TASK DIRECTIONS:
As written and without pictures, set down the lines from the one that contains "cc.audioEngine.playEffect 这个是封装的一个播放 音效的方法" through the end of the data.

THE DATA:
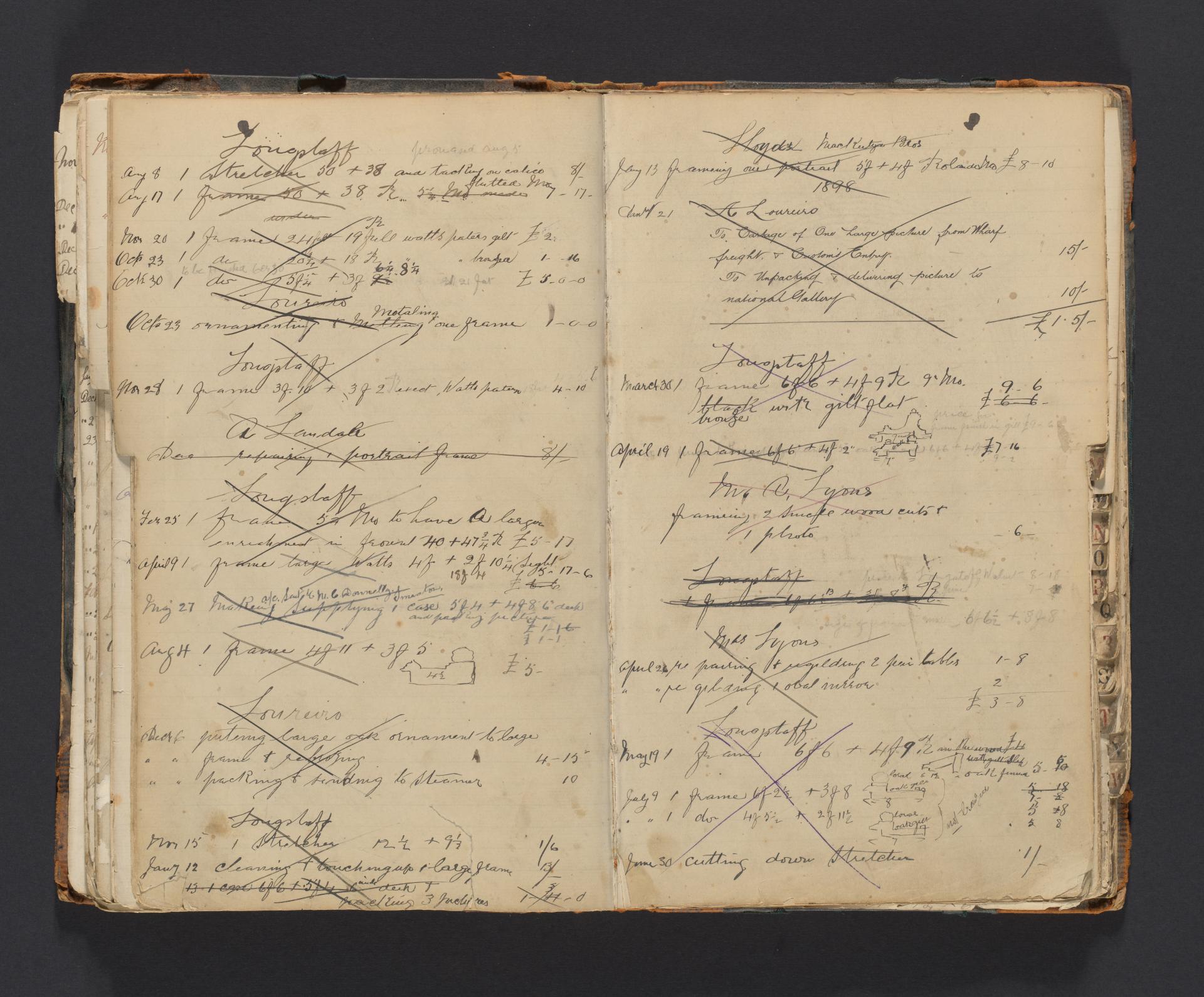 Generally, only the day and month are recorded in the first column of the ledger, however, a number of entries have the year noted in the main text, mostly in relation to the payment date. Using this information, the year of nearby entries is indicated. Sometime after the last entry in 1903, groups of pages in the first section of the book were glued together to create rigid supports on which a series of photographs and illustrations were mounted. These include black and white photographs of frames and furniture pieces and pages cut out from frame moulding and ornament catalogues.2One of the catalogue pages appears to bear the emblem of London frame maker Richard Scully, as reproduced in Jacob Simon, The art of the picture frame, National Portrait Gallery London, 1996, p.45. Unfortunately, this means that most entries for clients with names beginning A to F are unable to be accessed.
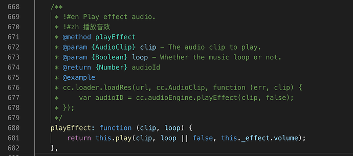 cc.audioEngine.playEffect 这个是封装的一个播放 音效的方法 可以看到 他有一个数组装着,然后可以 把 音乐和音效 分开处理
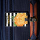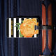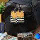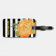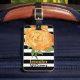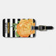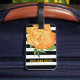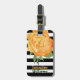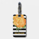 Elegant luggage tag done in a black and white bold stripe pattern, with watercolor artwork of a pretty golden yellow peony flower bloom. Personalise all the text, on the front and back, to read what you want. Lovely way to spot your luggage from a distance.
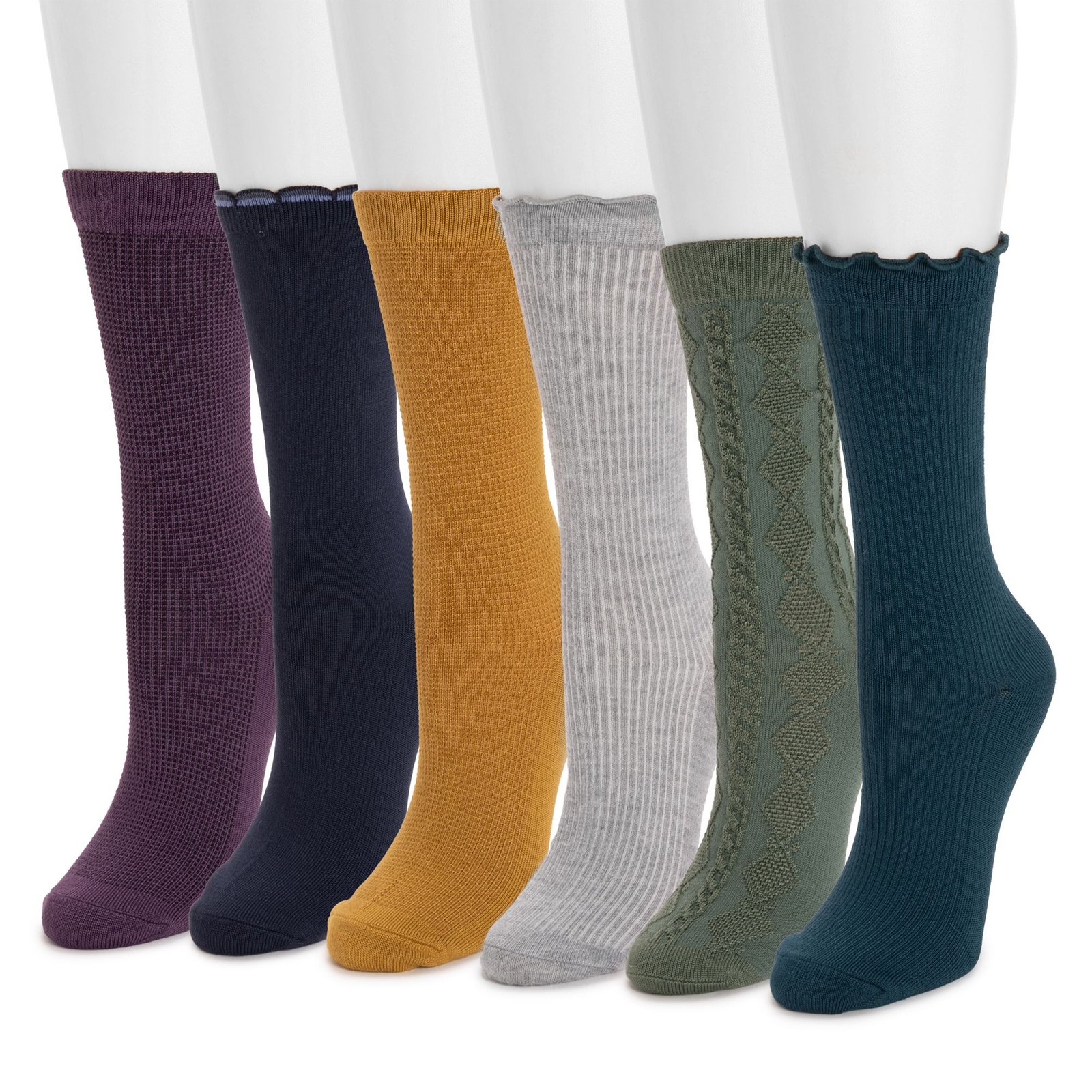 MUK LUKS Women's Whisper Soft 8" Crew Socks 6-Pack Size One Size Multi

ANSWER FOR THIS EXERCISE:
 cc.audioEngine.playEffect 这个是封装的一个播放 音效的方法 可以看到 他有一个数组装着,然后可以 把 音乐和音效 分开处理
 Elegant luggage tag done in a black and white bold stripe pattern, with watercolor artwork of a pretty golden yellow peony flower bloom. Personalise all the text, on the front and back, to read what you want. Lovely way to spot your luggage from a distance.
 MUK LUKS Women's Whisper Soft 8" Crew Socks 6-Pack Size One Size Multi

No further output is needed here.